RECORDS SHOWN:
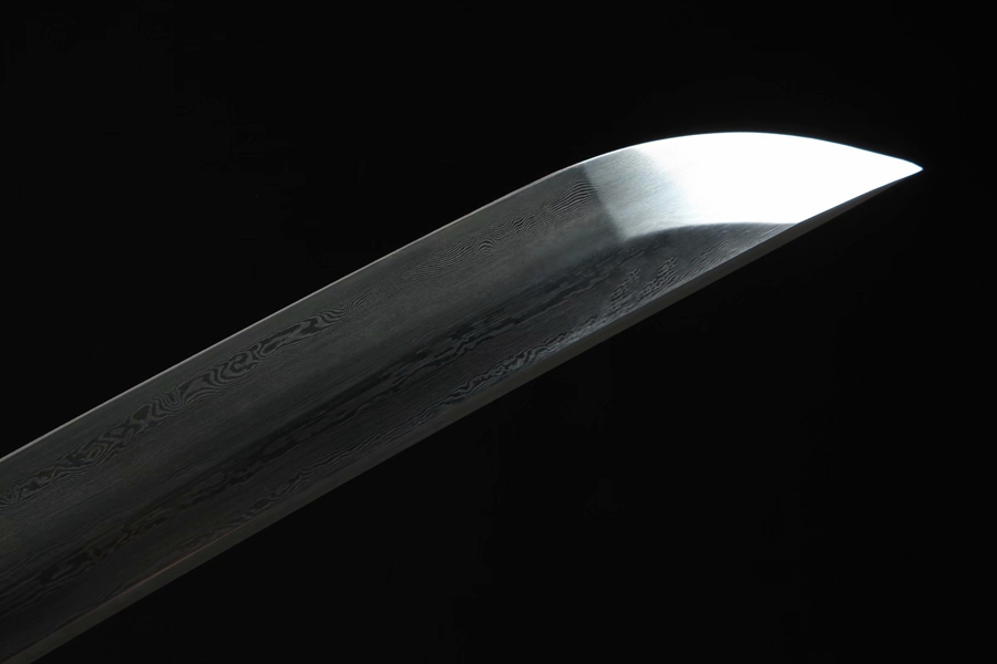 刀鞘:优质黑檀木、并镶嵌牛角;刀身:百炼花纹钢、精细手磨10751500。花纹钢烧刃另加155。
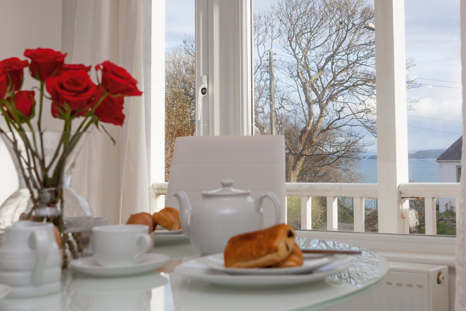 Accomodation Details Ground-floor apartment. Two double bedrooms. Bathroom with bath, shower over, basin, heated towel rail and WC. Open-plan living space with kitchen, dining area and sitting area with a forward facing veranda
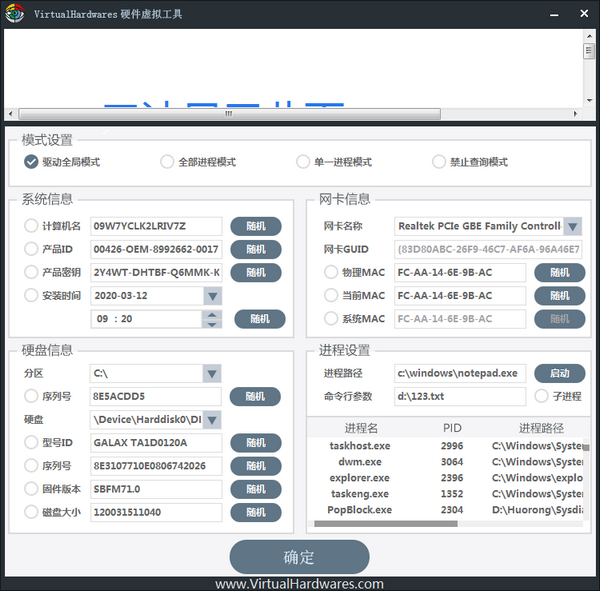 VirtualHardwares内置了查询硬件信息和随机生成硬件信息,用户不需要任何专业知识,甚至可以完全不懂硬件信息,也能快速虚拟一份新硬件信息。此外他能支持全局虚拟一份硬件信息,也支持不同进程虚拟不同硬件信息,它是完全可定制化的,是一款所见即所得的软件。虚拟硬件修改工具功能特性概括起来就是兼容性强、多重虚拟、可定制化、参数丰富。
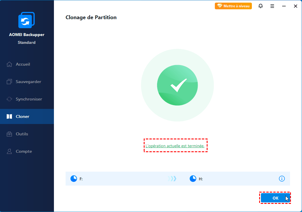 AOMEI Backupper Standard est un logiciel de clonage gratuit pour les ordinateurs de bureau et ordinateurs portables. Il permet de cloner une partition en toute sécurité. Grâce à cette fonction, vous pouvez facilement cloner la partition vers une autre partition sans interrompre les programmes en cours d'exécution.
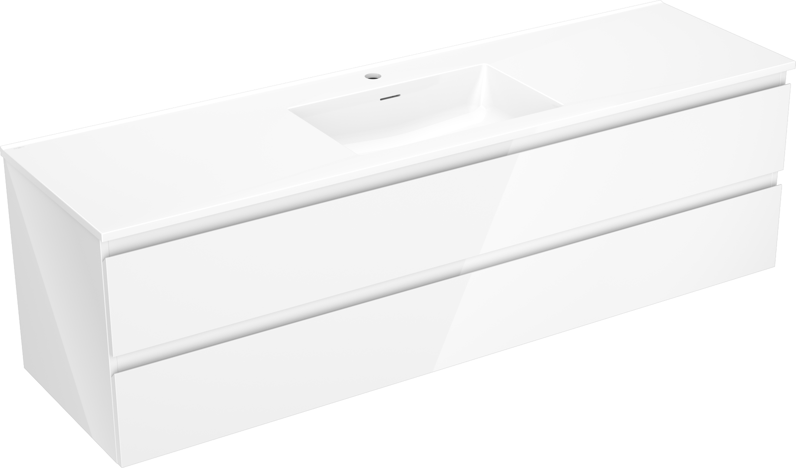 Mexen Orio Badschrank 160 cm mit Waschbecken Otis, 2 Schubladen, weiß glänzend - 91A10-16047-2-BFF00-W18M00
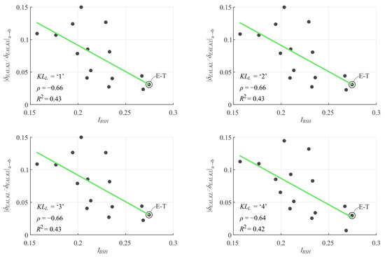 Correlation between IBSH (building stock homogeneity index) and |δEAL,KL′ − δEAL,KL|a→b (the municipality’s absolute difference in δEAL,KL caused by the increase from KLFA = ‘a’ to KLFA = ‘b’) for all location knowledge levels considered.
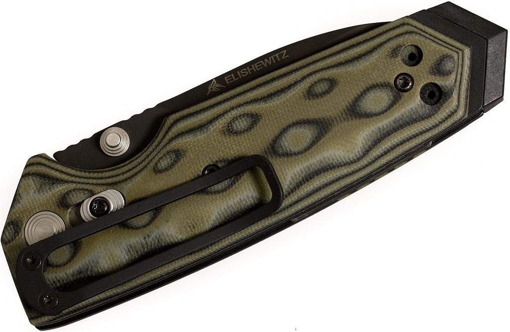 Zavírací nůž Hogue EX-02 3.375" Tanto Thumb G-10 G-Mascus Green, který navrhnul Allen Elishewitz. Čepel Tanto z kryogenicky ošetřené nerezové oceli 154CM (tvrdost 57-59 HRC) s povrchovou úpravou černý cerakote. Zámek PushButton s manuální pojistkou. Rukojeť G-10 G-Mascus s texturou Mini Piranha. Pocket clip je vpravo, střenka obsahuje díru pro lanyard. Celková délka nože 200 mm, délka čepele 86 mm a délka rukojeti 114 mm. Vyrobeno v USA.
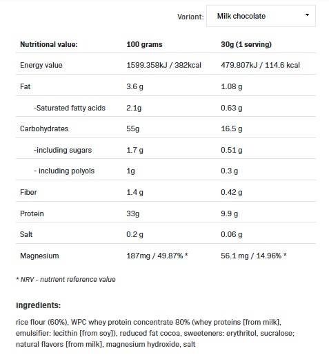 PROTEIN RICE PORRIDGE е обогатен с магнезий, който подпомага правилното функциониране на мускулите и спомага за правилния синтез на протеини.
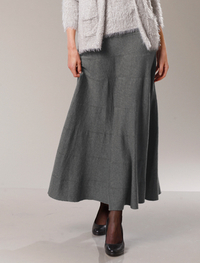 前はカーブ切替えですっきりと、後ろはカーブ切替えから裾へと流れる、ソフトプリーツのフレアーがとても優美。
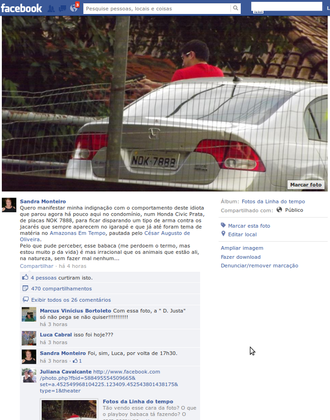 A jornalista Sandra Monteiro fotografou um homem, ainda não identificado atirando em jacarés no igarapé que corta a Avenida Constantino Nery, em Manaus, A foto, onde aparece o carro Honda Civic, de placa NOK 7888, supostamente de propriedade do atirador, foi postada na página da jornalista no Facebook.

WHAT IS EXPECTED: Everything from the line with "前はカーブ切替えですっきりと" through the end of the listing above, both ends included, should be set down exactly; copy nothing else, and skip the pictures.

RESPONSE BOX:
 前はカーブ切替えですっきりと、後ろはカーブ切替えから裾へと流れる、ソフトプリーツのフレアーがとても優美。
 A jornalista Sandra Monteiro fotografou um homem, ainda não identificado atirando em jacarés no igarapé que corta a Avenida Constantino Nery, em Manaus, A foto, onde aparece o carro Honda Civic, de placa NOK 7888, supostamente de propriedade do atirador, foi postada na página da jornalista no Facebook.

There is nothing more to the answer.